Superando le barriere del regno vegetale, la foresta di provenienza europea o australiana era associata alle masse di squatters e profughi accampati ai margini delle città, dove erano appiccati fuochi potenzialmente incontrollabili. Storicamente il termine fu associato agli esseri umani già nell’Aliens Act (1937) e nell’Aliens Registration Act (1939), due provvedimenti legislativi volti a prevenire un influsso di massa di rifugiati europei. Infine, l’immaginazione popolare accostò la campagna mediatica sulle varietà aliene alla loro controparte umana o umanoide.
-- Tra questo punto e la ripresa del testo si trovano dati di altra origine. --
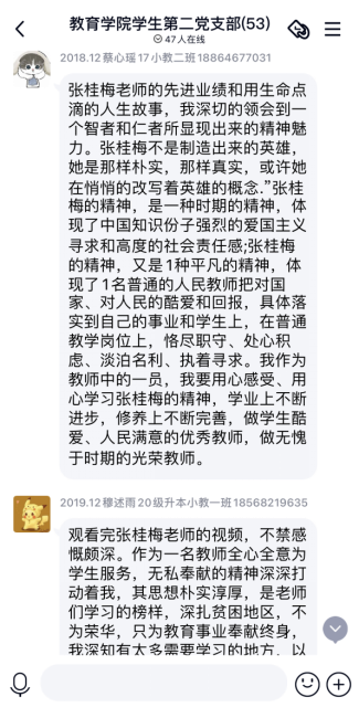 2019级学生党员魏一说:“张桂梅老师让更多的女生有了梦想、有了可以选择的权利,传递的是爱和阳光。她用自己的青春换来了1000多名贫困女孩迈向了大学的校门的机会,她帮助孩子们改变人生的轨迹,用双肩丈量责任的高度。她树立终身学习的态度,将当地的实际情况与先进的教育经验结合,总结出一套适合民族贫困山区的教学方法。她爱学生胜过爱自己,经常超负荷的工作状态,病痛缠身却依然坚持在教学岗位上。张桂梅用自己的实际行动践行共产党员的使命与担当。作为一名共产党员,一名即将步入教育事业的师范生,我要学习张桂梅老师的无私奉献的精神,为祖国的教育事业贡献自己的力量和价值。争取早日成为一名优秀的人民教师。”

L’articolo esemplifica questo passaggio attraverso la lettera di un lettore che difende i vegetali incriminati su un quotidiano locale definendosi a sua volta un alieno. Il quotidiano Cape Argus pubblicò nel 27 gennaio 2000 una vignetta satirica ambientata in un futuro distopico nel quale un ufo sorvola Cape Town travolta dai disastri naturali. Questa era l’atmosfera nel paese quando Neil Blomkamp, il regista di District 9, si era da poco trasferito in Canada.

snaddon

Il protagonista del film, impersonato da Sharlto Copley, è travolto da una situazione tra il kafkiano e The Fly di Cronenberg. Eppure il legame con la segregazione razziale e il regime di apartheid rendono la vicenda per certi versi simile a Watermelon Man, una commedia americana degli anni ’70 ispirata dall’esperienza di John Howard Griffin che attraversò il sud degli Stati Uniti mettendosi letteralmente nei panni di un cittadino afroamericano (qui la parodia di Eddy Murphy). I riferimenti più o meno espliciti a situazioni di xenofobia intra-specie contenuti in District 9 gettano una luce sinistra sui manifesti usati per la campagna di marketing virale.

Giusto per ritornare alla precedente incarnazione musicale di Watking Tudor Jones: in District 9 lo stesso personaggio di Wikus van de Merwe è caratterizzato da una compostezza al limite del nevrotico che ne fa un perfetto Mr Normal degenerato gradualmente fino a diventare un freak. Non trovo precisi riferimenti al fatto che Neil Blomkamp si fosse ispirato al rapper, ma resta il fatto che Ninja e Yolandi Visser reciteranno il ruolo di sé stessi nella sua prossima commedia fantascientifica intitolata Chappie, in uscita nel 2015.

Per ingannare l’attesa è possibile immaginare Ninja nel ruolo che gli era stato proposto da Blomkamp come protagonista in Elysium. Il rapper avrebbe rifiutato l’offerta a causa delle proporzioni da kolossal hollywoodiano, ma sicuramente la sua partecipazione avrebbe reso il personaggio più originale del solito Matt Damon. In questo caso a essere segregati in un’enorme astronave sono i privilegiati abitanti del primo mondo ai quali è riservata la guarigione da ogni male, preclusa invece all’umanità rimasta sul pianeta terra in una Los Angeles completamente meticcia. Ogni tentativo di questi per accedere alle cure per mezzo di navicelle cariche di disperati è respinto brutalmente da una spietata Jodie Foster. Perché c’è qualcosa della distopia fantascientifica di Neil Blomkamp che mi suona stranamente familiare?